The present systematic review and meta-analysis indicates that a low RDW on admission in patients suffering from ACS is associated with a lower risk of both death and subsequent MACEs. Previous meta-analyses have studied the association between RDW and mortality in patients with CAD [30] and with heart failure [15], but to our knowledge, our study is the first meta-analysis to examine RDW on the background of ACS as a specific subpopulation.

We have shown that the risk for cardiovascular or all-cause death for ACS patients with a low admission RDW is only approximately one third of the risk for patients with a high RDW (RR 0.35, (95% CI 0.30 to 0.40)). There was, however, a moderate degree of heterogeneity (I² = 53%) among the 13 studies in this primary analysis. Sensitivity analysis showed that there were no particular outliers that skewed the data in a specific direction. On subgroup analysis, the duration of follow-up (with a cut-off of 1 year) appeared to be a significant source of heterogeneity, since the specific grouping of studies drove down the I² values within each subgroup. This was further confirmed by the test of subgroup differences (I² = 81.6%). Expectedly, the subgroup with the longer follow-up (≥ 1 year) had the seemingly higher risk ratio (0.39 for long-term vs. 0.23 for short-term), likely since a longer time period would allow for more events to occur. This implies that shorter follow-up tends to underestimate the prognostic value of RDW.

At the outset, we hypothesized that study design (prospective vs. retrospective) would also be a significant source of heterogeneity. Subgrouping by study design, however, did not seem to have an apparent effect on the pooled RRs for the subgroups. Heterogeneity remained within the subgroups (I² = 66% for prospective; I² = 41% for retrospective), and the test for subgroup differences revealed homogeneity (I² = 0%). Therefore, study design was not a significant source of heterogeneity for this analysis. Other factors that we identified as possible sources of heterogeneity include variations in study population (STEMI vs. NSTE-ACS vs. both), primary outcomes of interest, definitions of outcomes (especially for the MACEs), approaches in defining RDW categories (dichotomous vs. tertiles or quartiles), and the specific RDW assays that were utilized.
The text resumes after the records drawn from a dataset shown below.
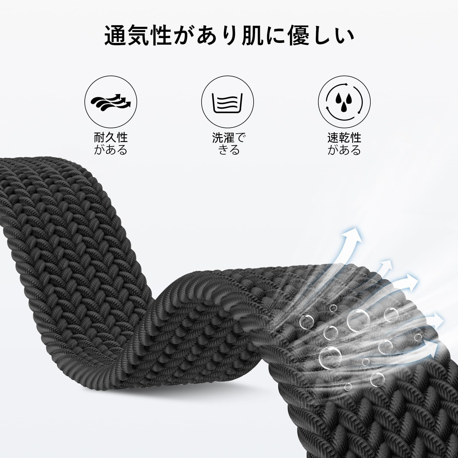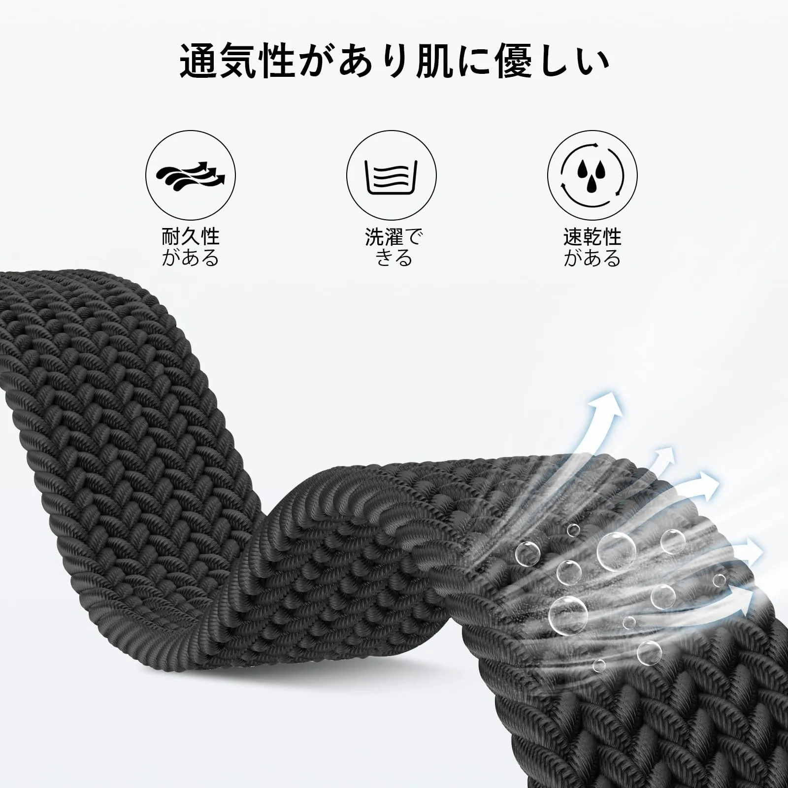 AGUPERFIT クイックリリース バンド 20mm 22mm、エレガントで快適な 伸縮性ベルト 無段階に調整なステンレススチールバックル付き スマートウォッチ交換ベルト 時計交換用バンド (22mm ブラック)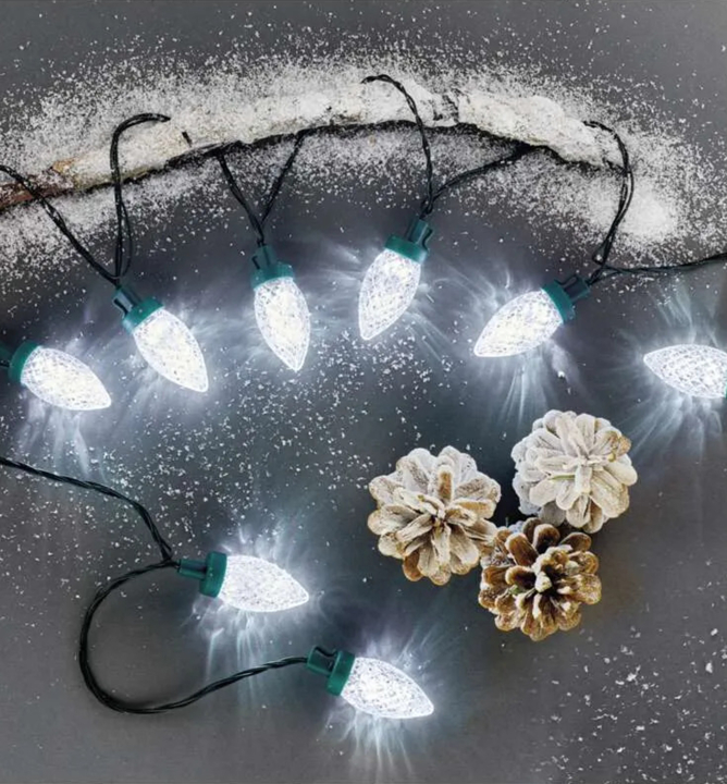 Vianočná LED reťaz žiariaca studeným bielym odtieňom na výzdobu interiéru a exteriéru.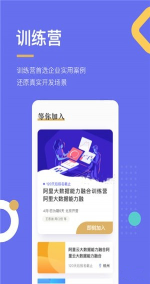 1、训练营:训练营首选企业实用案例,还原真实开发场景。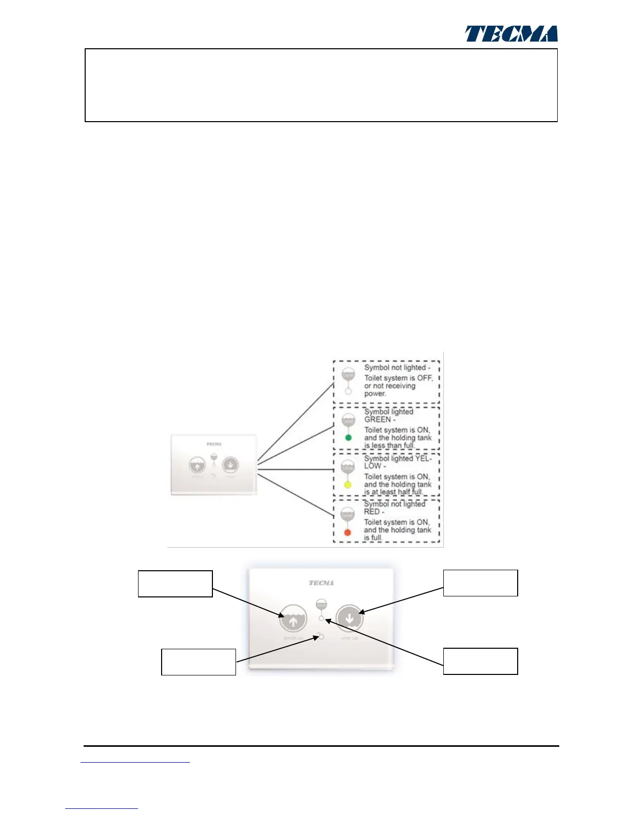 The control panel is equipped with a 3-colour LED, which indicates the blackwater tank level. As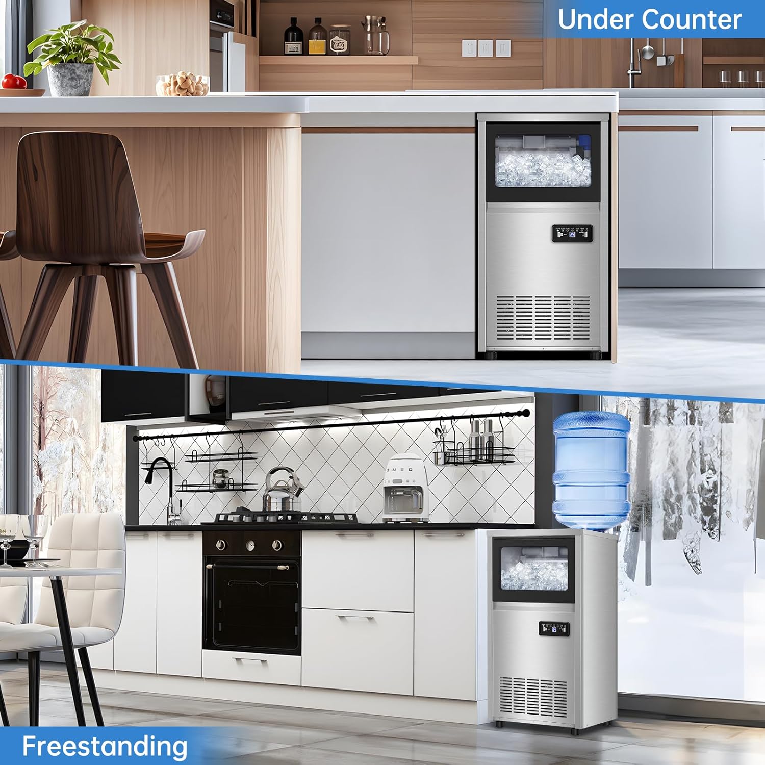 - Durable Construction & Adjustable Features: Built with high-quality evaporators and adjustable feet, this stainless steel ice machine guarantees durability and stability, making it a perfect choice for both household and commercial use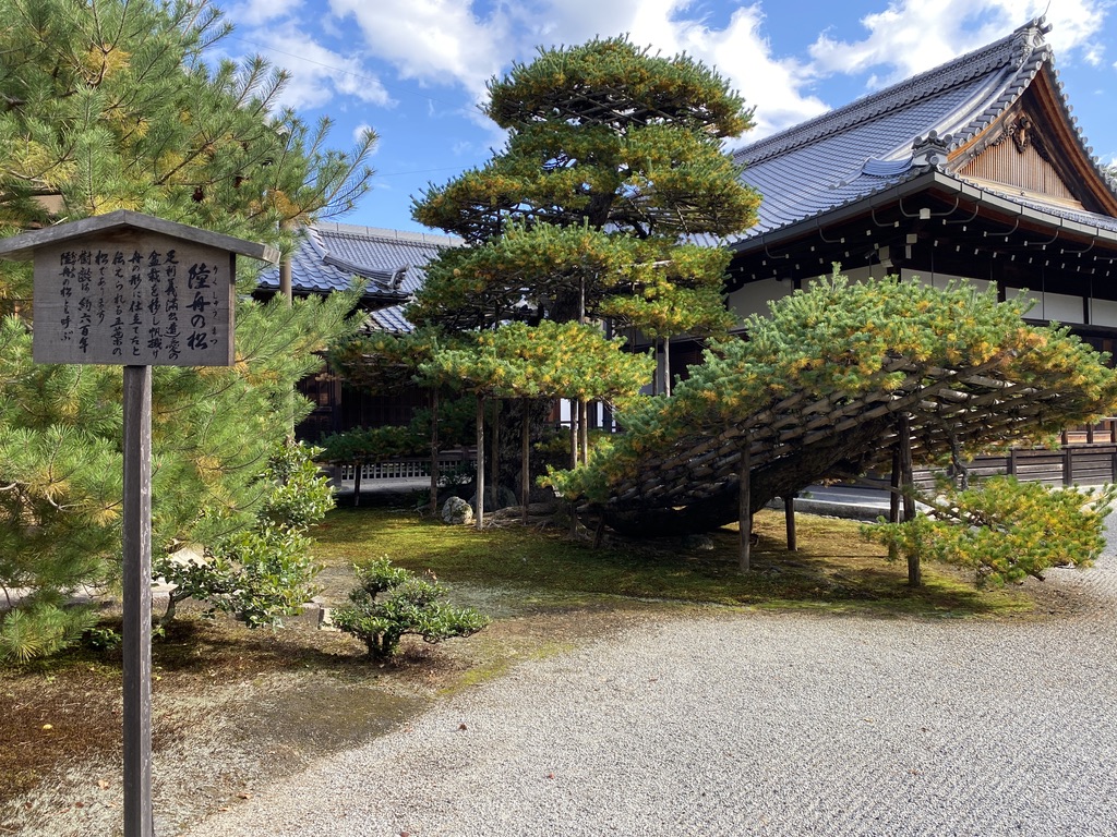 These 600 year old pine trees were transplanted from a bonsai tree which Shogun Yoshimitsu lived and shaped in a form of sailboat.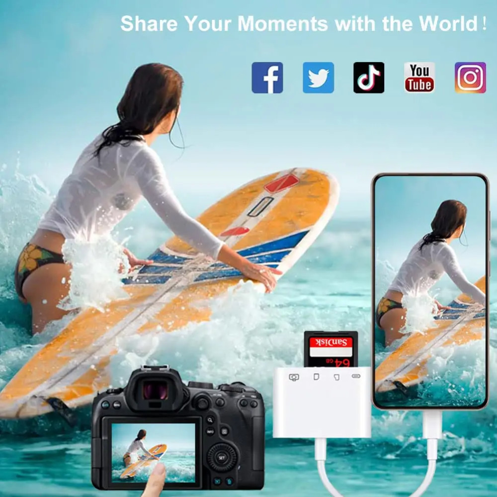 Podpora více formátů: Adaptér podporuje čtení a zápis dat z SD a TF karet, stejně jako z dalších běžných paměťových karet. Díky dvojitým slotům pro karty můžete přenášet data mezi kartami současně, což eliminuje potřebu opakovaného připojování a odpojování.

For the analysis of MACEs, the results showed that the risk for MACEs following an ACS in patients with a low admission RDW is only around half that of patients with a high RDW (RR 0.56, (95% CI 0.51 to 0.61)). In this analysis, heterogeneity was predictably high (I² = 91%), given the different outcomes that were considered as MACEs in the individual studies, as well as the varying definitions for each particular outcome.

A particular strength of our study is the only moderate degree of heterogeneity, considering that the included studies are all observational in nature rather than randomized controlled trials. This heterogeneity was further minimized with subgroup analysis, pinpointing follow-up duration as one of the major contributors. In addition, the overall results were robust on sensitivity analysis. Included studies were of at least moderate quality, and there was no evidence of publication bias on funnel plot analysis.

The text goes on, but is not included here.